昼の休憩を終え、営業所を出発する茨城交通の永田理恵さん=水戸市
運転手不足が深刻になっているバス業界で、女性や若者の採用に力を入れる動きが広がっている。業界を支えてきたトラックドライバーからの転職が先細りするなか、地域の足を守ろうと、募集の幅を広げて働き手の確保をめざす試みだ。
茨城交通(水戸市)のバス運転手、永田理恵さん(36)は3歳の次男を保育園に預けてから、午前9時に出勤する。市内のショッピングモールなどを循環する路線を走り、仕事を終えるのは午後6時。そこから急いで次男を迎えに行く。
早朝から夜まで運行するバスの運転手はシフト勤務。休憩をはさむものの拘束時間が長くなりがちだ。

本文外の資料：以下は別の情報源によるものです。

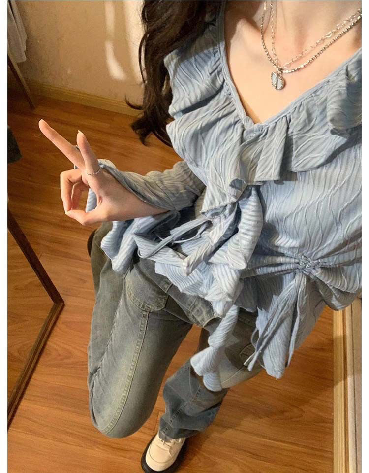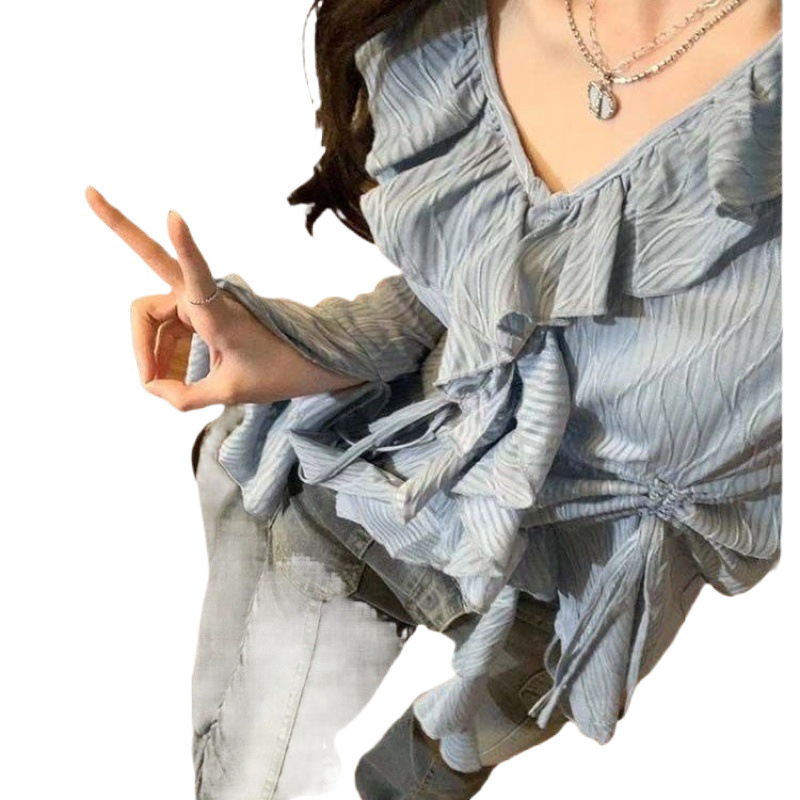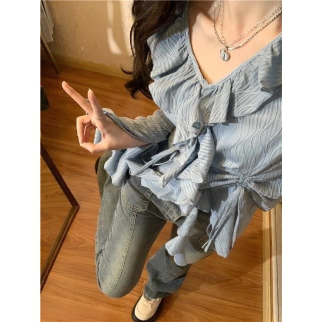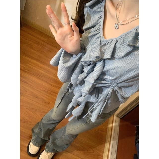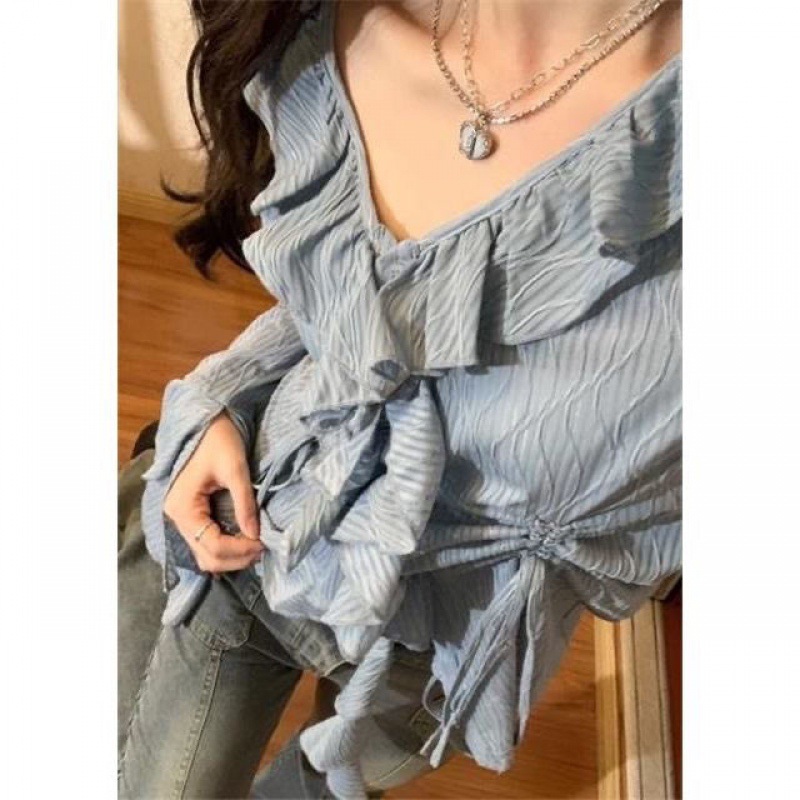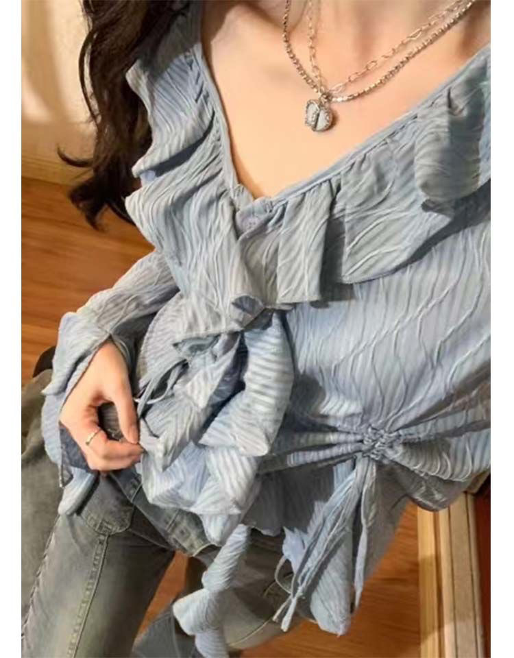 法式蓝色波浪纹抽绳衬衫女防晒衣新款设计感小众喇叭袖长袖上衣潮
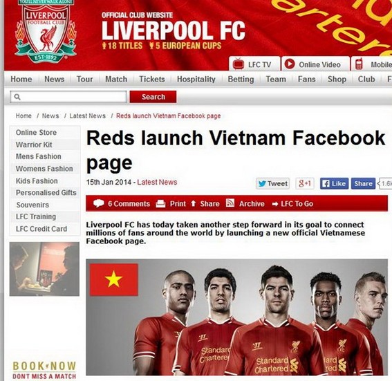 - Trang chủ của câu lạc bộ Liverpool đã ra thông báo chính thức về việc cho ra mắt phiên bản tiếng Việt trên trang Facebook của đội bóng chủ sân Anfield.
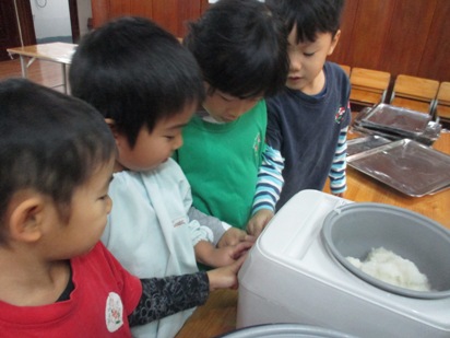 『おもち』です!! 今回は『お餅つき機』を使用したので、 『うす』『きね』などの写真を見たり、 『なぜ、、、お正月におせちを食べるのか』 『なぜ、、、鏡開きというのか』 などのお話、文化、日本のおもちつきの映像などを見ました。 「あー!!見たことあるよー」「お母さんが言ってたー」 「日本でもおもちつきやってたよー」 と、日本の文化の大切さも伝えることができました。 もち米が炊き上がり、機械に入れていきました。 この日のお当番さんが、機械のスイッチを入れてくれます!! 「おいしいおもちになりますよーに!!!」 さぁーエプロンに着替えて、お餅を丸めていきました。 ちょっと、、、 やわらかくなってしまって、、 「わぁー手にいっぱいつくー と、丸めるのも大変な様子もありましたが、、、 しっかり粉もつけて、丸めていきました。 子どもたちも、「おもちのおいしさ**」を知っているので、 大小さまざまになりながらも一生懸命!! いちご、もも組(最年少)も見に来てくれました。 「すごーい!!」「おいしそー」 と、おもちに釘付けになっていました!! さぁー出来上がったお餅は、 『きなこ』『砂糖醤油』を付けて食べました。 一応、、、給食前だからねー^^; と、伝えてましたが 口の周りが白くなるほど、もりもり食べていました。 「ほっぺたがおちそー」と、ごきげんな子どもたちでした。 2月も、さくら組&すずらん組合同でクッキングの予定です^^ どんなものを作るのか、たのしみいっぱいです! (#082) ベトナム・ハノイの日系幼稚園 さくらHoaAnhDao幼稚園ホーページ |
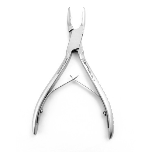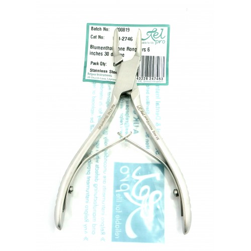 Relpro Instrument Blumenthal Rongeur is a double spring, plier instrument used in a variety of procedures to trim and remove bone. While large amounts of bone can be removed with rongeurs, pieces should be removed in small bites. Blumenthal rongeurs are available with three different angle tips, which allows them to be both side and end cutting and therefore useful in difficult to reach areas. They are often used in dental procedures to remove inter-radicular bone. This rongeur has tips angled at 30 degrees. The overall length is 6 inches.
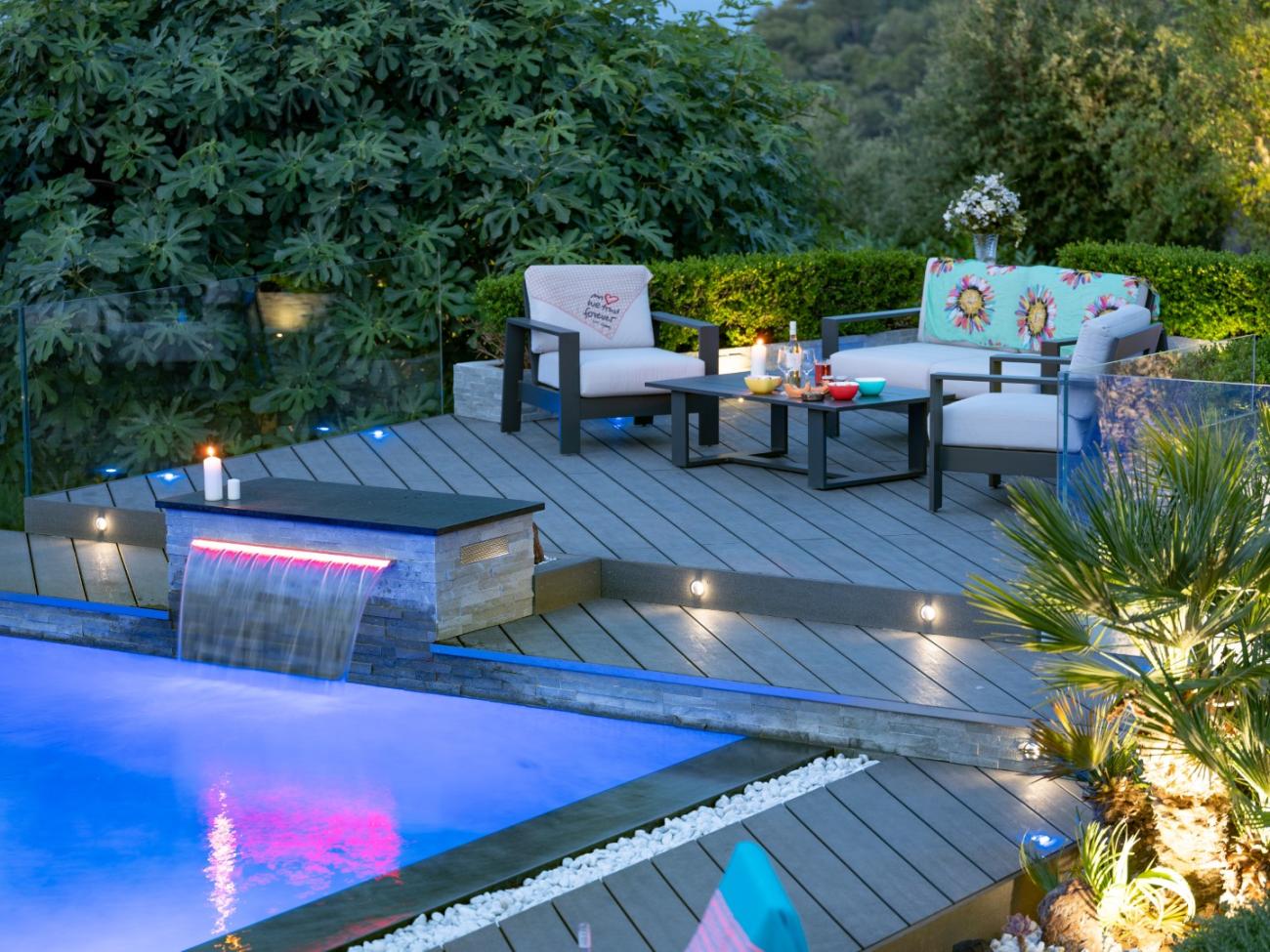 Notre lame de terrasse Élégance structurée est compatible avec l’ensemble de nos accessoires de montage et de finition (dont les options d’éclairage).
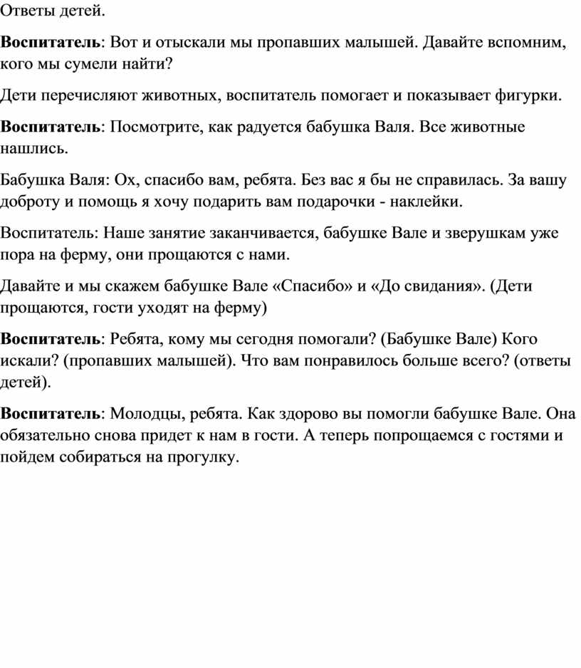 Воспитатель: Посмотрите, как радуется бабушка Валя. Все животные нашлись.

入社3年目の永田さんはシフトを調整し、平日のみ走る路線を担当。子どもを保育園に預けている時間帯に限った乗務にしてもらっている。1日の走行距離は約70キロで、同社の平均より約50キロ少ない。「おかげで子育てと両立しながら働けています」。子どもが大きくなるまでは、今の働き方を続けたいと考えている。
男の職場のイメージを変えたい――。同社は2014年から女性運転手の採用に力を入れている。営業所に女性用トイレや休憩室を整えたほか、女性専用の問い合わせ窓口を新設。採用時から入社後まで相談に乗る態勢を整えた。
「人を採れないことが会社の成長にとって最大のボトルネック」。遠藤隆光常務(44)はそう説明する。
同社は経営難で08年に民事再生法の適用を申請し、経営陣を刷新した。業績回復には女性の活用が不可欠だった。13年に7人だった女性運転手はいま20人。全体の4%を占める。全国平均は1%台(日本バス協会調べ)で、業界では高い方だ。それでも、路線の維持に加え、スクールバスやコミュニティーバスの受託、高速・観光バス事業なども含めると、人手はまだ足りていない。今後2年間で、女性運転手を30人に増やそうと考えている。